_Input data_:
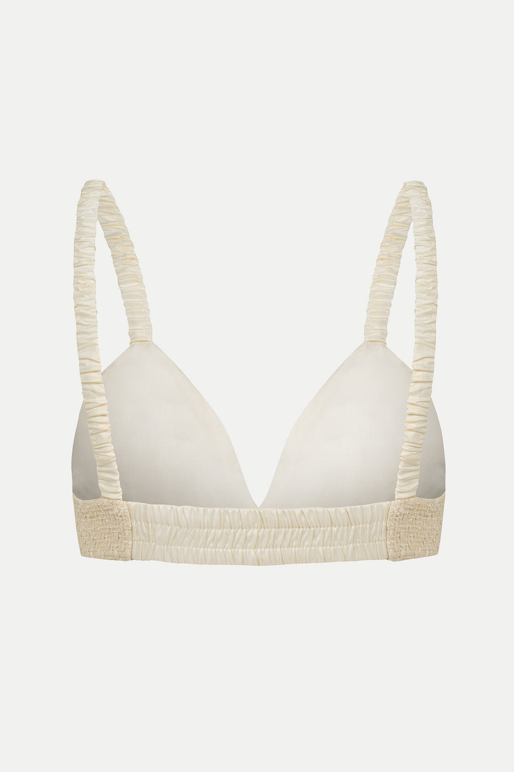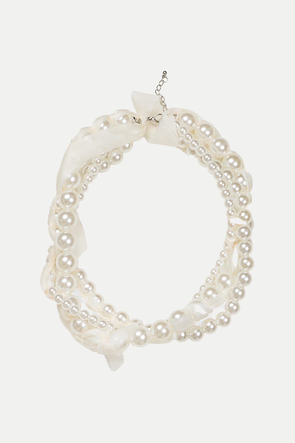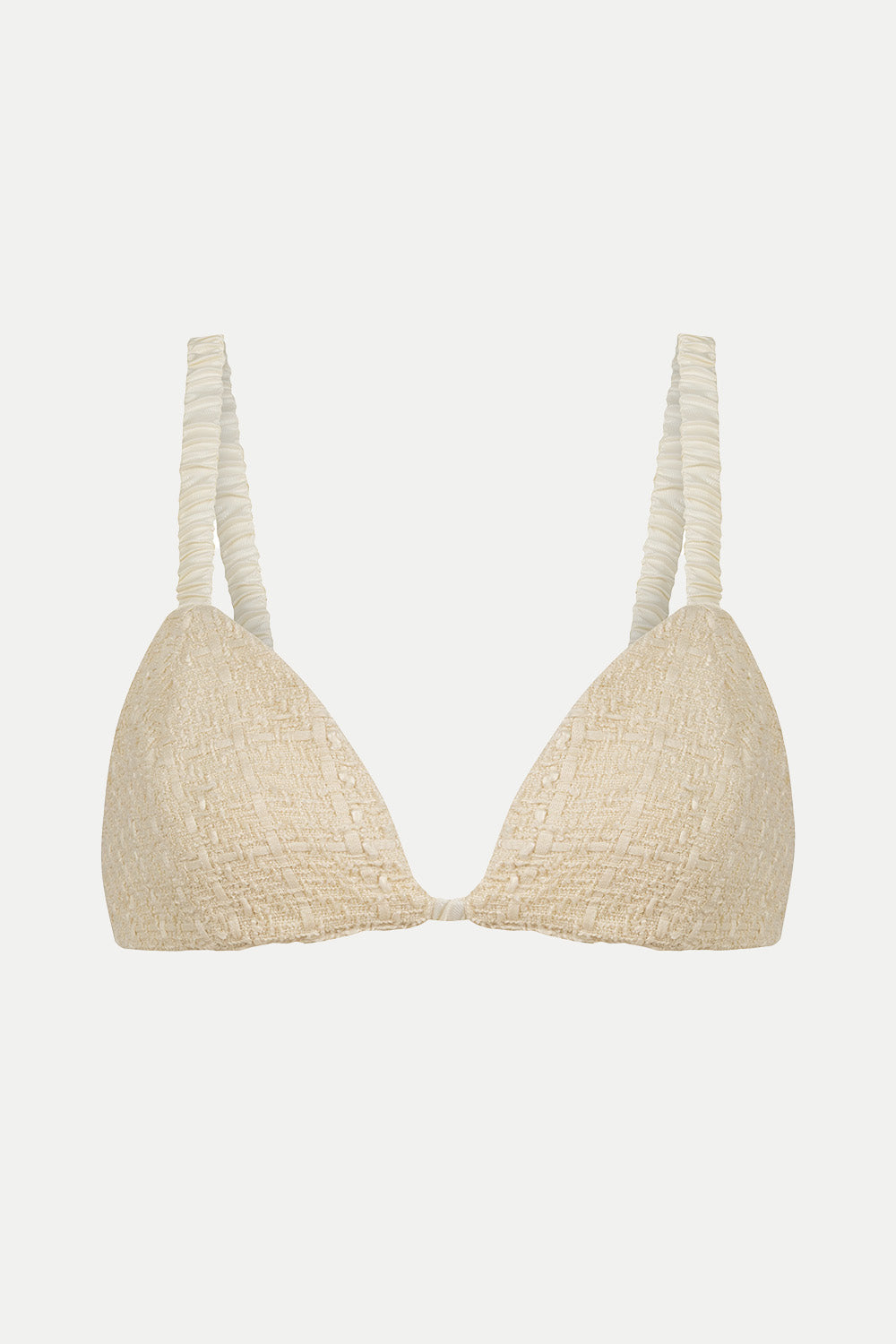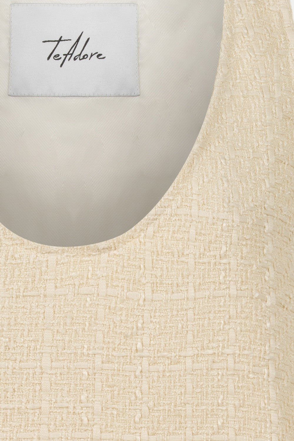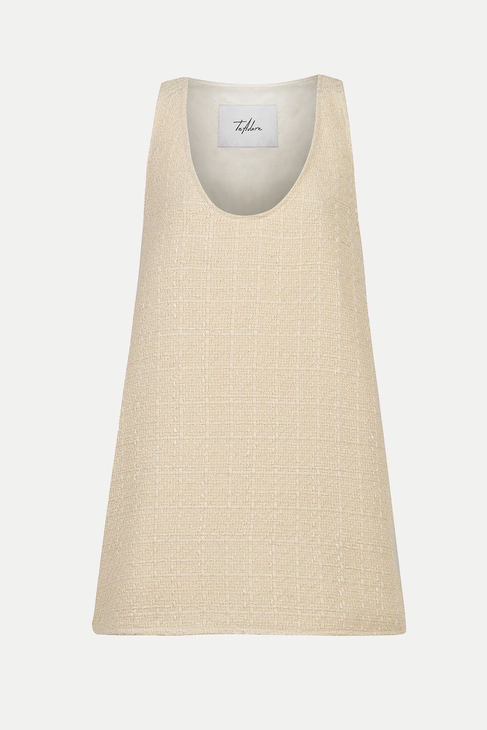 Mini sleeveless dress, crafted from a statement creamy boucle fabric with a chic oversized fit, a matching peaking bralette and a feminine shift design.With pearl necklace.
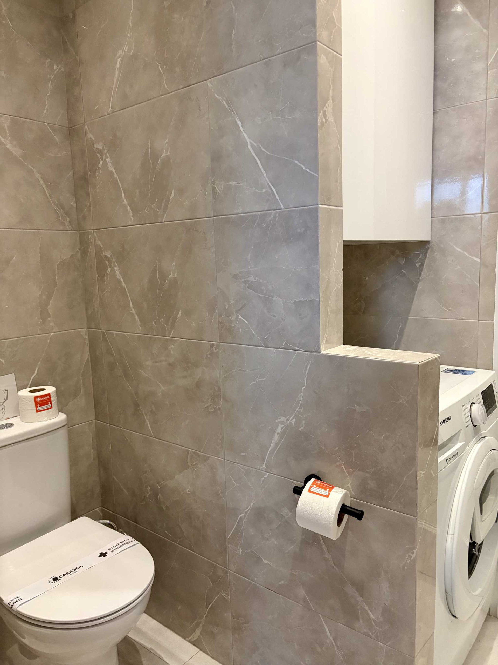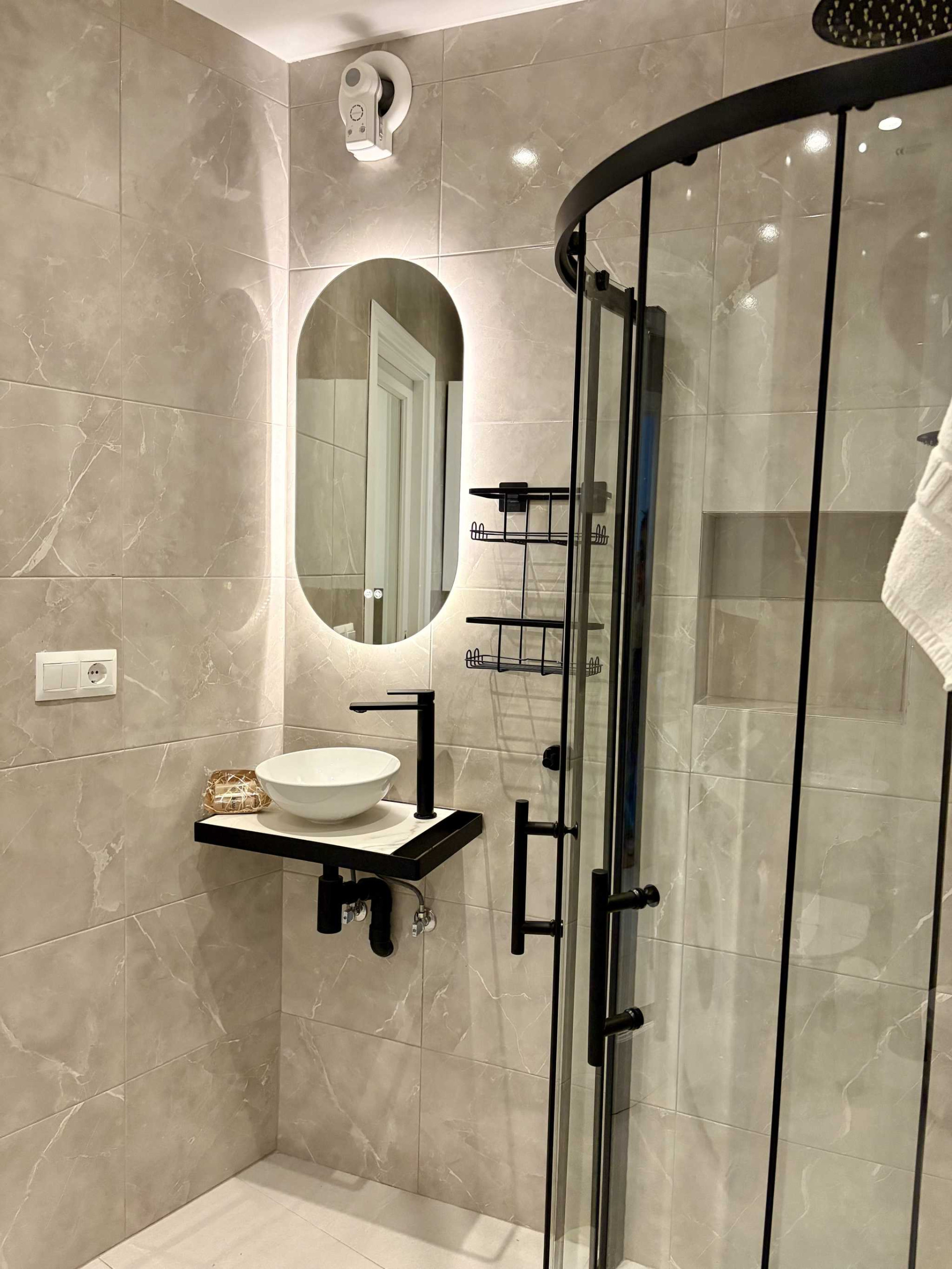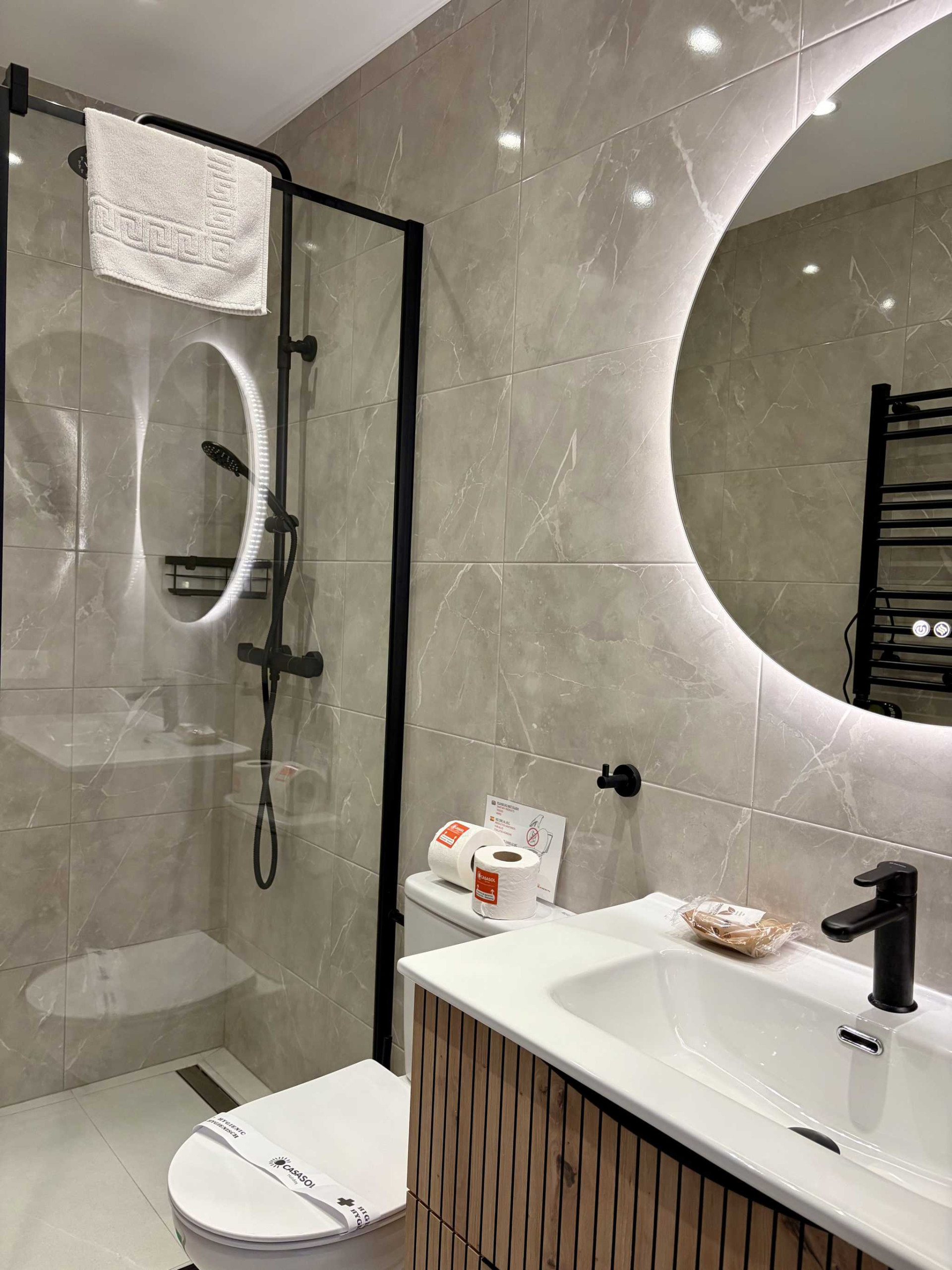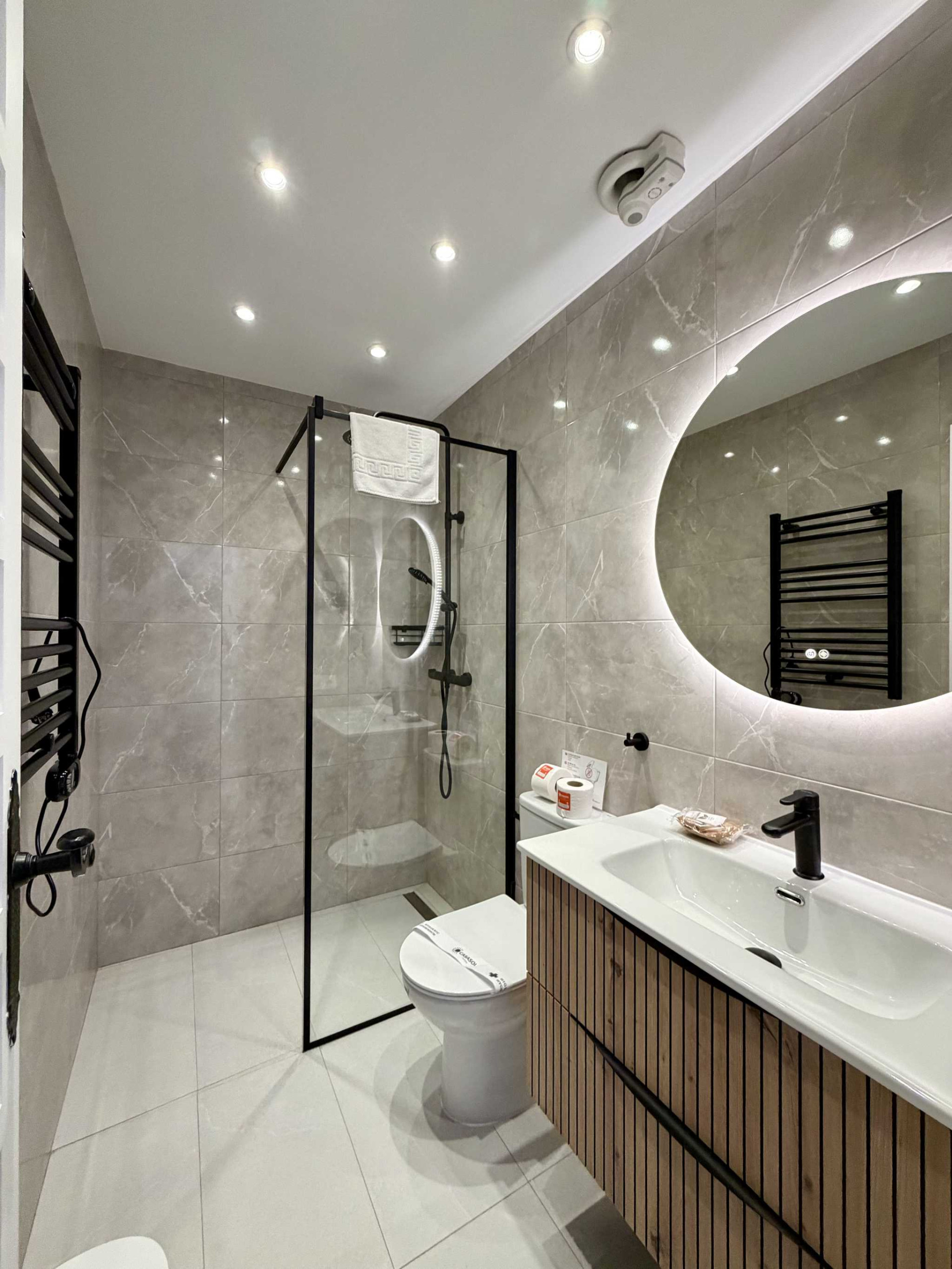 - Ein zweites modernes Badezimmer, das vom Flur aus zugänglich ist, mit Dusche, Toilette und eleganter Ausstattung.
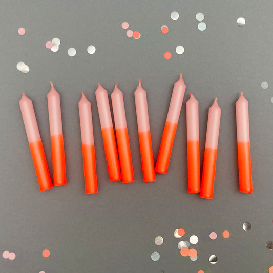 PARTYGLÜCK | 10er-Set Geburtstagskerzen | Neonorange + Rose
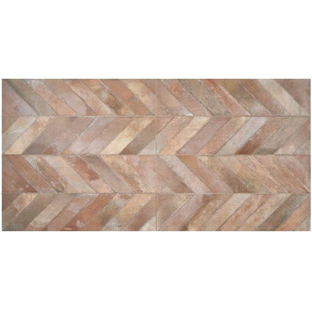 Inspired by the sculptural terraces and cobbled streets of Italy, the Nord Collection creates a dramatically new visual, breathing new life into an ancient design. These large-format 24 in. x 48 in. porcelain stoneware tiles replicate the sun-baked appearance of terra cotta with soft color variations and a natural finish, while the chevron pattern provides a modern iteration to this timeless classic. This collection is available in 4 colorways, with 2 earthy colorways that reinforce the traditional Italian terra cotta style alongside white and gray options that provide a modern minimalist aesthetic. The Nord tiles fuse old-world charm with contemporary lines and cutting-edge porcelain technology, resulting in an elegant series that can complement any decor and are suitable for walls or floors in commercial and residential spaces.

_Work to be completed_:
This task calls for the listing to be restated exactly, with images omitted.

_Task solution_:
 Mini sleeveless dress, crafted from a statement creamy boucle fabric with a chic oversized fit, a matching peaking bralette and a feminine shift design.With pearl necklace.
 - Ein zweites modernes Badezimmer, das vom Flur aus zugänglich ist, mit Dusche, Toilette und eleganter Ausstattung.
 PARTYGLÜCK | 10er-Set Geburtstagskerzen | Neonorange + Rose
 Inspired by the sculptural terraces and cobbled streets of Italy, the Nord Collection creates a dramatically new visual, breathing new life into an ancient design. These large-format 24 in. x 48 in. porcelain stoneware tiles replicate the sun-baked appearance of terra cotta with soft color variations and a natural finish, while the chevron pattern provides a modern iteration to this timeless classic. This collection is available in 4 colorways, with 2 earthy colorways that reinforce the traditional Italian terra cotta style alongside white and gray options that provide a modern minimalist aesthetic. The Nord tiles fuse old-world charm with contemporary lines and cutting-edge porcelain technology, resulting in an elegant series that can complement any decor and are suitable for walls or floors in commercial and residential spaces.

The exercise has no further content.